Há muitas maneiras de esquecer a vaga de ataques jihadistas em França e na Alemanha. Uma é ir para a praia e evitar a imprensa. Outra é convencermo-nos de que uns quantos marginais com camiões e facas podem causar tragédias localizadas, mas nunca abalarão um continente e uma civilização. Mas talvez esta segunda opção seja tão enganadora como a primeira. O que pode o jihadismo fazer à Europa?
As migrações das últimas décadas transformaram as sociedades ocidentais. Esta semana, ouvimos Obama exaltar a diversidade da sociedade americana – mas uma diversidade que comunga na tradição política dos Fundadores dos EUA. Os EUA são uma nação de imigrantes, que em vagas sucessivas adoptaram o patriotismo americano. Mas muita da imigração mais recente em vários países europeus teve outro efeito: a formação de comunidades muçulmanas que, por várias razões, não se identificam com as sociedades de acolhimento.
Em muitas das capitais europeias, os muçulmanos representam já provavelmente entre 10% e 20% da população. O terrorismo inspirado pelo fundamentalismo islâmico tem um objectivo: através do sectarismo e da violência, aprisionar os muçulmanos em comunidades fechadas e hostis aos olhos dos outros europeus. Ninguém mais do que os jihadistas está empenhado em promover a chamada “islamofobia”. A campanha de terror foi toda calibrada para isso. O autor do atentado não é sempre um comando armado chegado da Síria: pode ser o rapaz do andar ao lado, com um camião ou uma faca de cozinha, de modo que todo o muçulmano se torne suspeito. A vítima não precisa de ocupar cargos ou ter responsabilidades: basta estar no lugar errado à hora errada, de modo que todos os cidadãos se sintam ameaçados. O assassinato do padre Hamel na igreja de Saint-Étienne-du-Rouvray tem um sentido: é a tentativa de importação para a França do terrorismo sectário que afundou o Iraque, a Síria ou o Líbano numa espiral de violência entre as suas comunidades. É um facto: a Europa ainda não é o Médio Oriente. Mas já não está separada do Médio Oriente.

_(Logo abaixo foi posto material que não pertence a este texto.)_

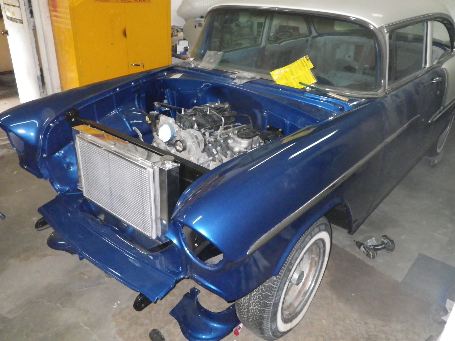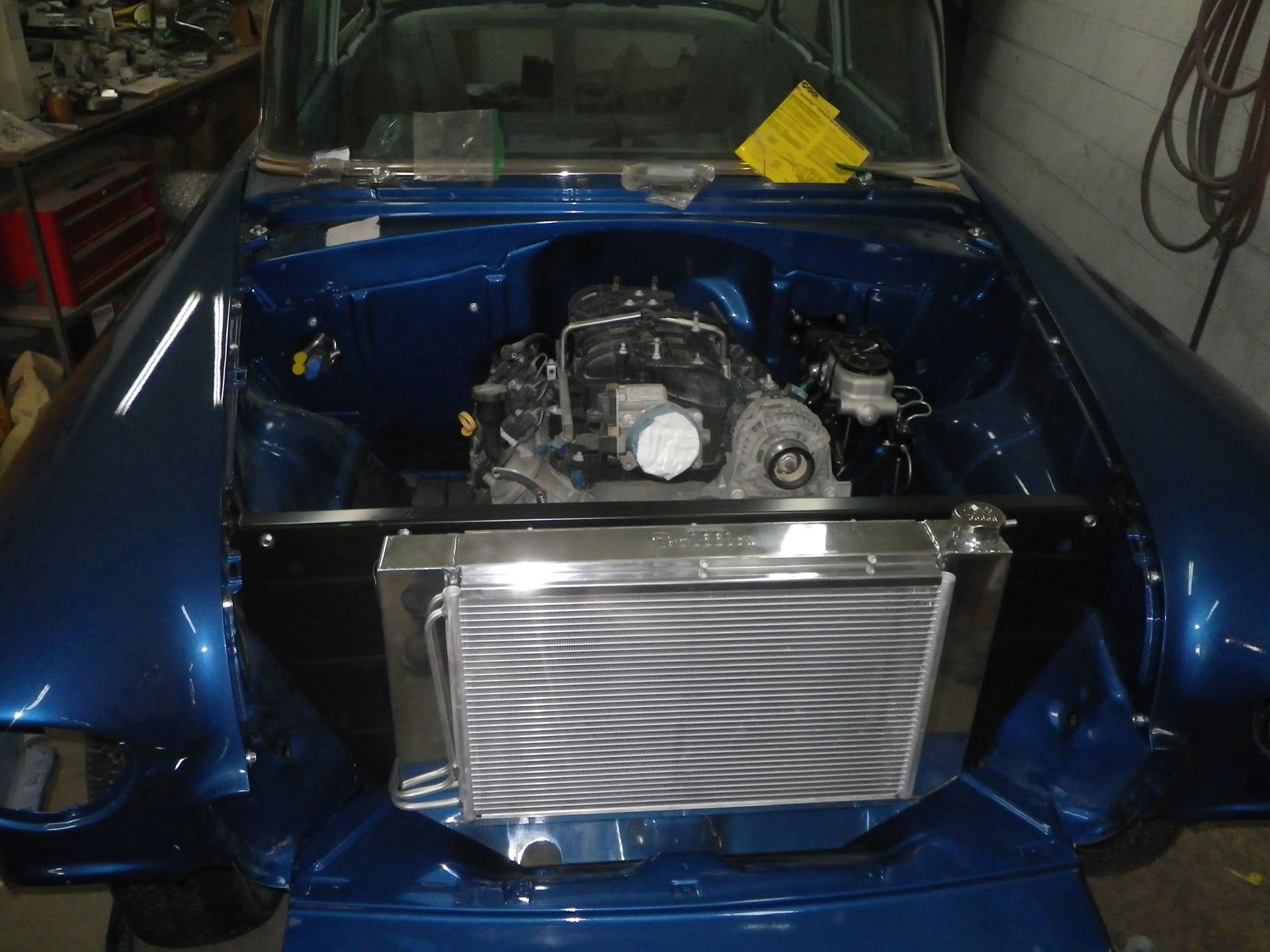 Radiator has to come out again to trim the support to move the radiator rearward so the splash pan will fit.

O impacto do terrorismo é ainda ampliado de outra maneira: pelo modo como é percebido como parte do pacote da globalização. As elites europeias continuam a acreditar que as populações apenas se interessam pelo conforto material. A globalização favoreceu esse conforto para muitos, mas a circulação de bens e de pessoas também abalou a vida de comunidades até aí assentes numa identidade colectiva e na partilha de certos valores, dentro de fronteiras definidas. Num primeiro momento, a nostalgia de míticas homogeneidades nacionais inspirará contestações “nativistas” e proteccionistas, como os promovidos por Trump nos EUA ou por Le Pen em França. Mas num segundo momento, se o terrorismo alastrar e os europeus começarem a sentir que ir ao concerto ou ao centro comercial se tornou um jogo de roleta com a morte, não é de excluir uma evolução para além do mal-estar e do protesto. Nalguns casos, teremos apoio popular para regimes policiais, como na Rússia; noutros, continuaremos a ter talvez democracias, mas democracias limitadas aos “nativos”, com exclusão das comunidades suspeitas, alvo de medidas de segurança especiais. Sim, os jihadistas podem transformar a Europa. Não convém subestimá-los.
O jihadismo é, em primeiro lugar, uma tragédia para as suas vítimas. Em Março deste ano, em duas semanas, os jihadistas atacaram em seis países e mataram 247 pessoas. O New York Times tentou dar identidades a essas vítimas: nomes, rostos, histórias. Vidas cortadas, famílias destruídas, não apenas em Bruxelas, mas em Ankara ou em Lahore. Não há palavras para essas tragédias. Mas os jihadistas não querem matar só pessoas. Querem também matar sociedades. E é preciso não ter ilusões: as sociedades também morrem. Esta é uma guerra, como tem dito o Papa Francisco. Mas uma guerra é sempre uma coisa que se pode perder.